THESSALONICIENS (2° épître aux)

I Le contenu.

1.

ANALYSE ET PLAN.
Bien que moins spontanée, plus doctrinale et de dessein plus arrêté
que la 1 re, la 2 e lettre aux Thessaloniciens s'ordonne malaisément
suivant un plan systématique. On y distingue cependant un
développement eschatologique central, autour duquel on peut grouper
le reste, en manière d'introduction, de conséquence et de conclusion.

INTRODUCTION (2Th 1:1-12).

La salutation, plus longue que celle de 1 Thess., mentionne Silas
et Timothée (2Th 1:1). L'action de grâces est une occasion
d'évoquer le passé de luttes, d'épreuves, de foi et de fidélité
(verset 3); la récompense viendra pour ceux qui auront persévéré
jusqu'au bout, le châtiment pour les persécuteurs (verset 5-10).
L'apôtre intercède afin que Dieu parachève son oeuvre dans et par
les Thessaloniciens; qu'il les rende dignes de leur vocation, et
qu'il glorifie le Seigneur en eux (verset 11).

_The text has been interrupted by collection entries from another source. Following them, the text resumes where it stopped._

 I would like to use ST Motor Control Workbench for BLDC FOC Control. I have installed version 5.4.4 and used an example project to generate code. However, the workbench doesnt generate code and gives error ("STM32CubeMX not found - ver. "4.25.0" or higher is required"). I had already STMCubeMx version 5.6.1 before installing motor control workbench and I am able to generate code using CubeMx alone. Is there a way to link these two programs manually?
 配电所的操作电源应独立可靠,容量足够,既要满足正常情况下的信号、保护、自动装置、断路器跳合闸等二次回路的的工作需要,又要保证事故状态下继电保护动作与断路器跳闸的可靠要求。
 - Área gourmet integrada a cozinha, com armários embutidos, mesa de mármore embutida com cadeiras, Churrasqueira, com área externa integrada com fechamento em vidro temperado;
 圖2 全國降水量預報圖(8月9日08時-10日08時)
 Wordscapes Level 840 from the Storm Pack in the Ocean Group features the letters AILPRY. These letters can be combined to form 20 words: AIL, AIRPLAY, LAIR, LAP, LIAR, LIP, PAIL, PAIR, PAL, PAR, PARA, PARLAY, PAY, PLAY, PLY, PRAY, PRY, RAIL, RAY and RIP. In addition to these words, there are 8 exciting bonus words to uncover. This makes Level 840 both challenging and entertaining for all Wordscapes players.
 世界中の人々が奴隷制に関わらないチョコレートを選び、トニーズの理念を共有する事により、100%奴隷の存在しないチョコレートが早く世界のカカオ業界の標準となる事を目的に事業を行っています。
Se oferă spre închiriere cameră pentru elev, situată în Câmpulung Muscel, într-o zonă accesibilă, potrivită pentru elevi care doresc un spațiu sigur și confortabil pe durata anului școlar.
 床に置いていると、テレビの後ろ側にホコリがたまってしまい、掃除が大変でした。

I L'ENSEIGNEMENT CENTRAL (2Th 2:1-17) comprend une partie
proprement didactique, et, incluse dans une double prière
d'actions de grâces et d'intercession, une brève exhortation qui
prélude à la partie parénétique.

A. Le développement eschatologique (verset 1,12) constitue le
noyau de la lettre. Au verset 1, l'apôtre pose le problème de la
parousie et de la réunion des fidèles avec le Seigneur. Au verset2,
il indique le but de ses enseignements, but essentiel de l'épître:
détruire des idées fausses, qui lui seraient attribuées, concernant
l'imminence de la parousie. On fait rapporter habituellement hôs
di'hêmôn
(=comme passant par nous, comme venant de nous) au seul
terme qui précède: épistolês (=lettre); mais on peut aussi bien
adjoindre à ce terme logou et pneumatos (=parole et esprit):
au lieu de faire simplement allusion à la lettre d'un faussaire, Paul
signalerait ou préviendrait une erreur ou une machination tendant à
lui faire penser, dire ou écrire ce qui n'a jamais été dans son
esprit.. Quoi qu'il en soit, l'apôtre va s'attaquer à une mentalité
plutôt qu'à une doctrine, car son apocalyptique est encore celle de
ses contemporains, transposée dans l'ordre chrétien. La construction
proleptique du verset 26 fait image, et dépeint l'attitude de ceux
qui, dans l'attente d'un événement qu'ils tiennent pour imminent,
vivent comme s'il était déjà là. Or, cette imminence n'est pas
certaine, car des signes précurseurs doivent se produire, qui ne sont
pas encore apparus. Avant la parousie viendra l'apostasie, et l'homme
d'iniquité, le fils de la perdition, l'adversaire, sera
manifesté (2Th 2:3). Paul a donné cet enseignement aux
Thessaloniciens lorsqu'il était avec eux (2Th 2:3). Il ajoute
maintenant ce détail: le mystère d'iniquité, à l'oeuvre déjà, est
contenu, pour le moment, par une puissance ou une personne qui lui
tient lieu de frein (to katekhon, ho katekhôn). Quand ce frein
lâchera, l'impie, l'inique (ho anomos), sera manifesté; alors
Jésus viendra et le détruira du souffle de sa bouche 2Th 2:6-12.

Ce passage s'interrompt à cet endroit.